* ACTION ITEM
For the entries below, copy exactly the line that contains "77р/1094. Л. 14" through the line that contains "Otro dato relevado", both ends included, and exclude all pictures.

* INPUT RECORDS
****************

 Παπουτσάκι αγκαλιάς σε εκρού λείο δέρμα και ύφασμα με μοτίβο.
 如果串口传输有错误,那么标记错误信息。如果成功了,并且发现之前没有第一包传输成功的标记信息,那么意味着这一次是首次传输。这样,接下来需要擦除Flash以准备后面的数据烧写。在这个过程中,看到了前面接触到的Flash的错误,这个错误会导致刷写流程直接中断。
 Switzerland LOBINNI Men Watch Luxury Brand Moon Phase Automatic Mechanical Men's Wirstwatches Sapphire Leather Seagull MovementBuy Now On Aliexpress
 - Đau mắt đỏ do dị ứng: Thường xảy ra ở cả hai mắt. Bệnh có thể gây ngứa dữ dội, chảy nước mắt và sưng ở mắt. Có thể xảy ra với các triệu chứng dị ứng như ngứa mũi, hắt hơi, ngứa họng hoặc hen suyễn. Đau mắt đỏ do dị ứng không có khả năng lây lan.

****************

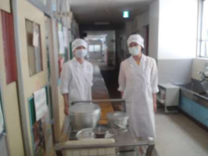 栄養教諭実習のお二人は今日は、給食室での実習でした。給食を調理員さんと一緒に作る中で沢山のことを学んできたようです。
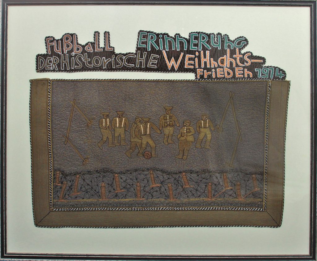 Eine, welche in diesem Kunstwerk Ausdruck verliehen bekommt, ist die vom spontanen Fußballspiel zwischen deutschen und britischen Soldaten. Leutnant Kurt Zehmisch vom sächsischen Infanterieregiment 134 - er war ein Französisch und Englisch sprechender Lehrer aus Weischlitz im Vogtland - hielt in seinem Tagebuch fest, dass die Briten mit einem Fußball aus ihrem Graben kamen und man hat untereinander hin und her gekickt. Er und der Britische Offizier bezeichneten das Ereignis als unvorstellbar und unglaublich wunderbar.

****************

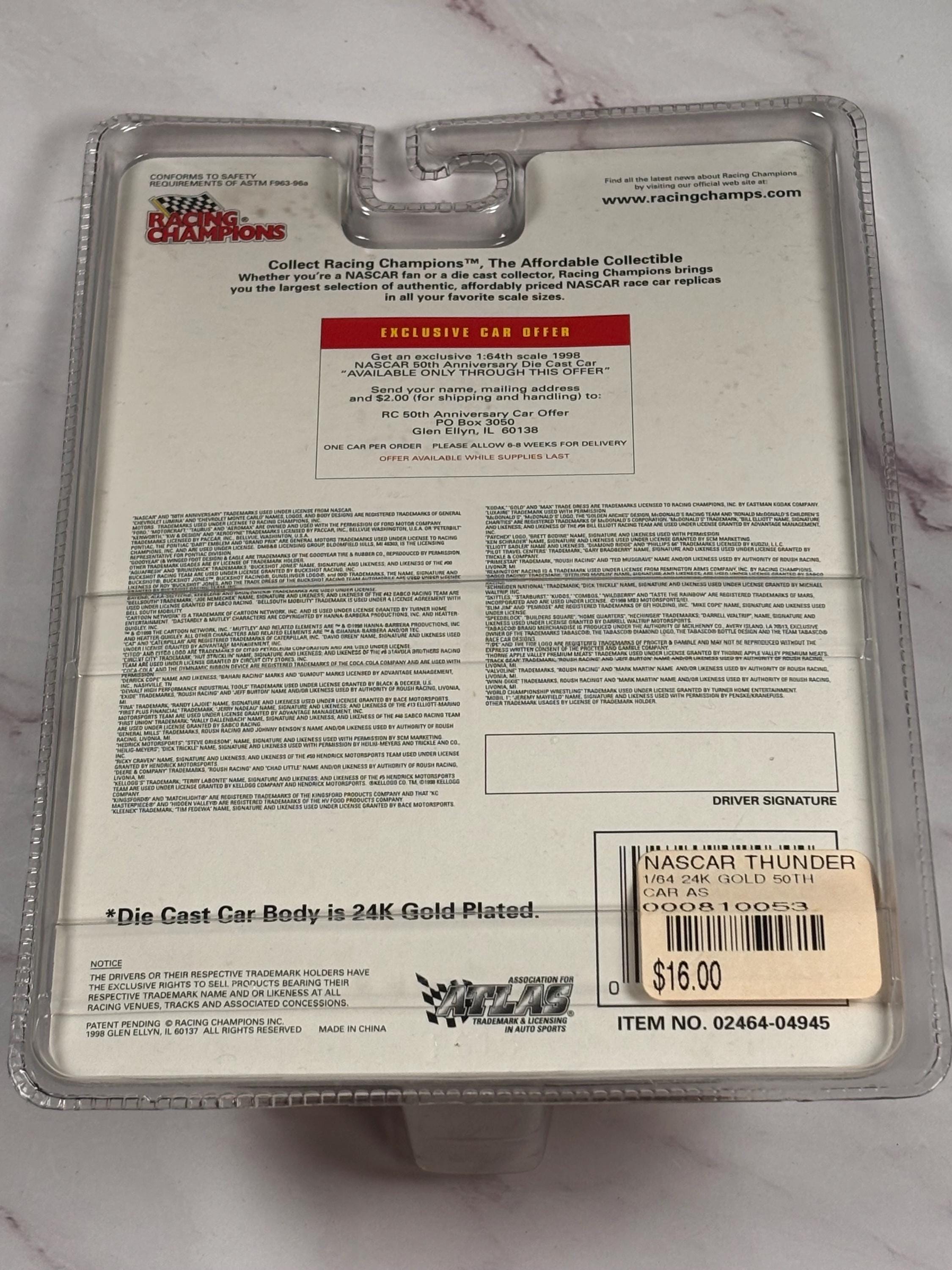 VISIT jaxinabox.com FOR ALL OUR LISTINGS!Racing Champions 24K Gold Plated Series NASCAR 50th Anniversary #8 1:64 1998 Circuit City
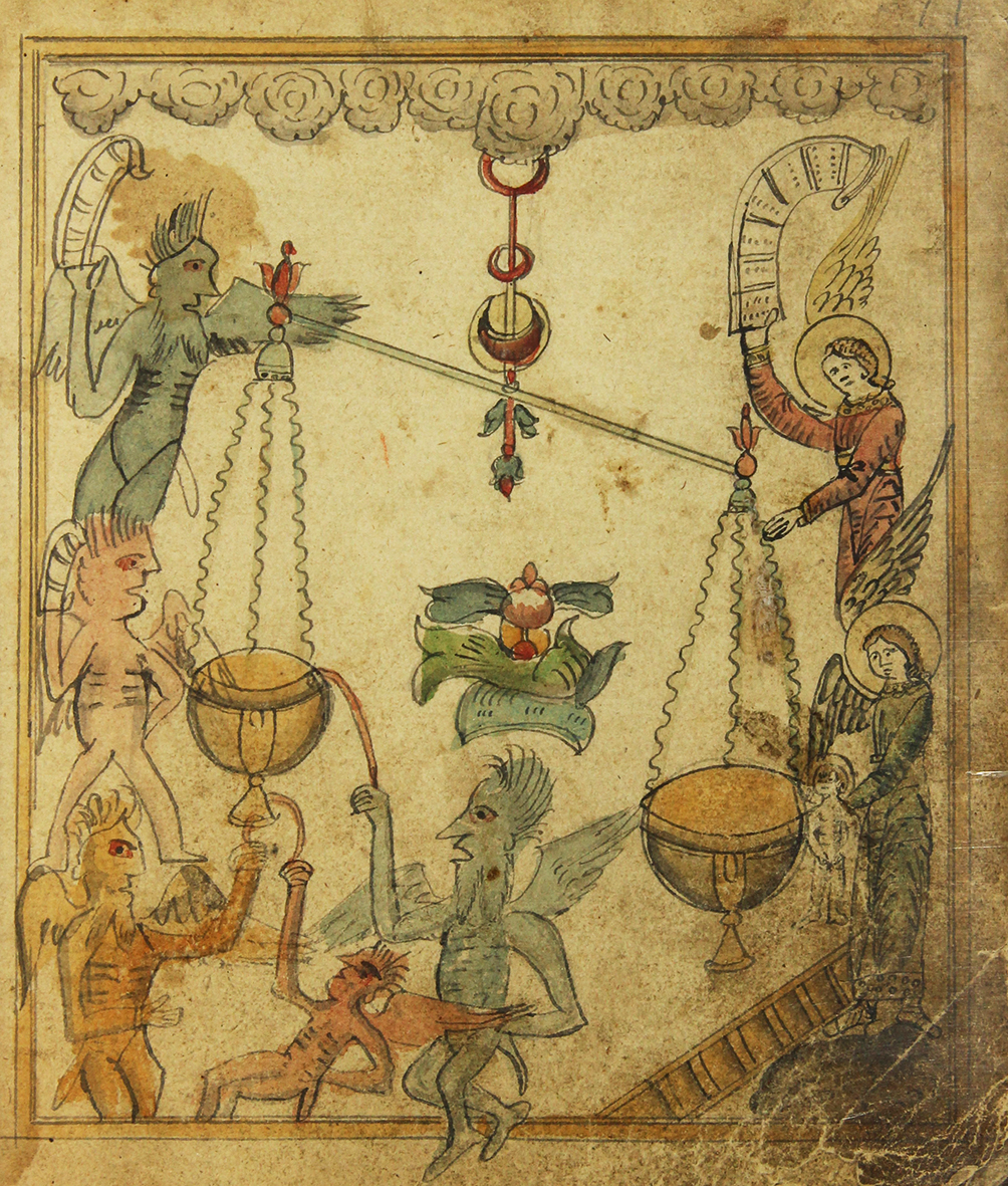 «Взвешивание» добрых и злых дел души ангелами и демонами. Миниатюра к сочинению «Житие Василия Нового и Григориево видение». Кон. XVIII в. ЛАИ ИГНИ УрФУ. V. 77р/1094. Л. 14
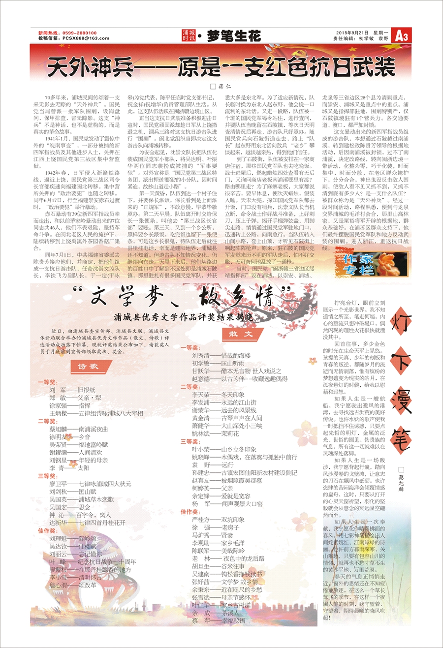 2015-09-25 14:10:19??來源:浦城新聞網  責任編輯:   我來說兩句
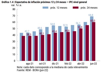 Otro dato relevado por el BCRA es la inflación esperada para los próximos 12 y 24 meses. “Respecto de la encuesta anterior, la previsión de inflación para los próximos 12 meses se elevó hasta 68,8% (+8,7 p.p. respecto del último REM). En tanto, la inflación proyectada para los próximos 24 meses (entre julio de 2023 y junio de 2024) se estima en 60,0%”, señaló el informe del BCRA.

****************

* REPLY TO THE EXERCISE
 «Взвешивание» добрых и злых дел души ангелами и демонами. Миниатюра к сочинению «Житие Василия Нового и Григориево видение». Кон. XVIII в. ЛАИ ИГНИ УрФУ. V. 77р/1094. Л. 14
 2015-09-25 14:10:19??來源:浦城新聞網  責任編輯:   我來說兩句
 Otro dato relevado por el BCRA es la inflación esperada para los próximos 12 y 24 meses. “Respecto de la encuesta anterior, la previsión de inflación para los próximos 12 meses se elevó hasta 68,8% (+8,7 p.p. respecto del último REM). En tanto, la inflación proyectada para los próximos 24 meses (entre julio de 2023 y junio de 2024) se estima en 60,0%”, señaló el informe del BCRA.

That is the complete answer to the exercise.